Required action
From the first line to the last, repeat the data exactly but leave out the pictures.

Material provided
=== Section Start ===
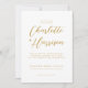 Un faire-part de mariage de typographie or minimaliste, écrit à la main et simple, avec votre photo mariage à l'arrière. Remplacez l'échantillon de photo par votre propre photo mariage posée. Utilisez l'outil de conception simple pour modifier votre police ou votre couleur de type. Disponible en version imprimée, en téléchargement numérique ou les deux.
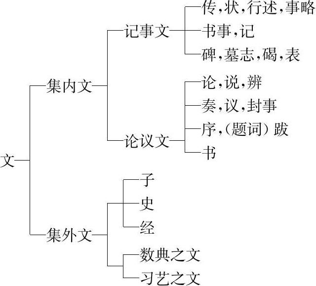 我们普通讲文,大概指集部而言,那经、史、子,文非不佳,而不以文称。但上表所列文的分类中,以“传”而论,“四史”中列传已在集部以外,“本纪”、“世家”和“传”是同性质的,也非集部所有,集部只有“家传”。以“论”而论,除了文人单篇的论文,也有在集部以外的。譬如:庄子《齐物论》,荀子《礼论》、《乐论》,贾谊《过秦论》都是子部所有的。以“序”而论,也只单篇的,集中所已备;那连合的序,若《四库提要》,就非集部所有。至如“编年史”中《左传》、《资治通鉴》之类和“名人年谱”,都是记事文,也非集部所能包了。
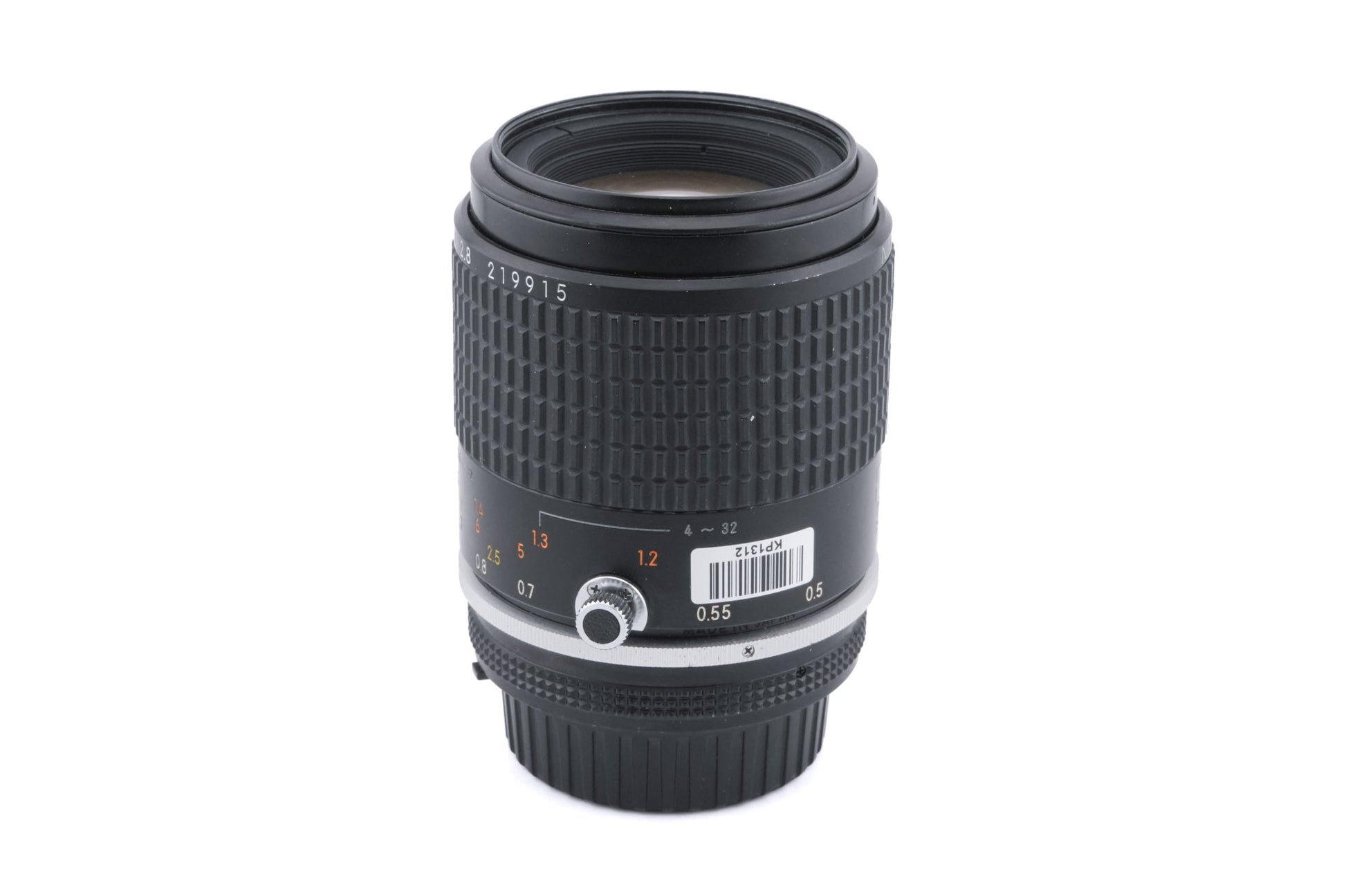 Manual focus telephoto macro lens made for F-mount 35mm SLR cameras introduced by Nikon in 1983. It features Nikon’s CRC (close-range correction) -system to improve optical performance at any focusing distance. Metal and plastic body available in black.
=== Section End ===
Expected output
 Un faire-part de mariage de typographie or minimaliste, écrit à la main et simple, avec votre photo mariage à l'arrière. Remplacez l'échantillon de photo par votre propre photo mariage posée. Utilisez l'outil de conception simple pour modifier votre police ou votre couleur de type. Disponible en version imprimée, en téléchargement numérique ou les deux.
 我们普通讲文,大概指集部而言,那经、史、子,文非不佳,而不以文称。但上表所列文的分类中,以“传”而论,“四史”中列传已在集部以外,“本纪”、“世家”和“传”是同性质的,也非集部所有,集部只有“家传”。以“论”而论,除了文人单篇的论文,也有在集部以外的。譬如:庄子《齐物论》,荀子《礼论》、《乐论》,贾谊《过秦论》都是子部所有的。以“序”而论,也只单篇的,集中所已备;那连合的序,若《四库提要》,就非集部所有。至如“编年史”中《左传》、《资治通鉴》之类和“名人年谱”,都是记事文,也非集部所能包了。
 Manual focus telephoto macro lens made for F-mount 35mm SLR cameras introduced by Nikon in 1983. It features Nikon’s CRC (close-range correction) -system to improve optical performance at any focusing distance. Metal and plastic body available in black.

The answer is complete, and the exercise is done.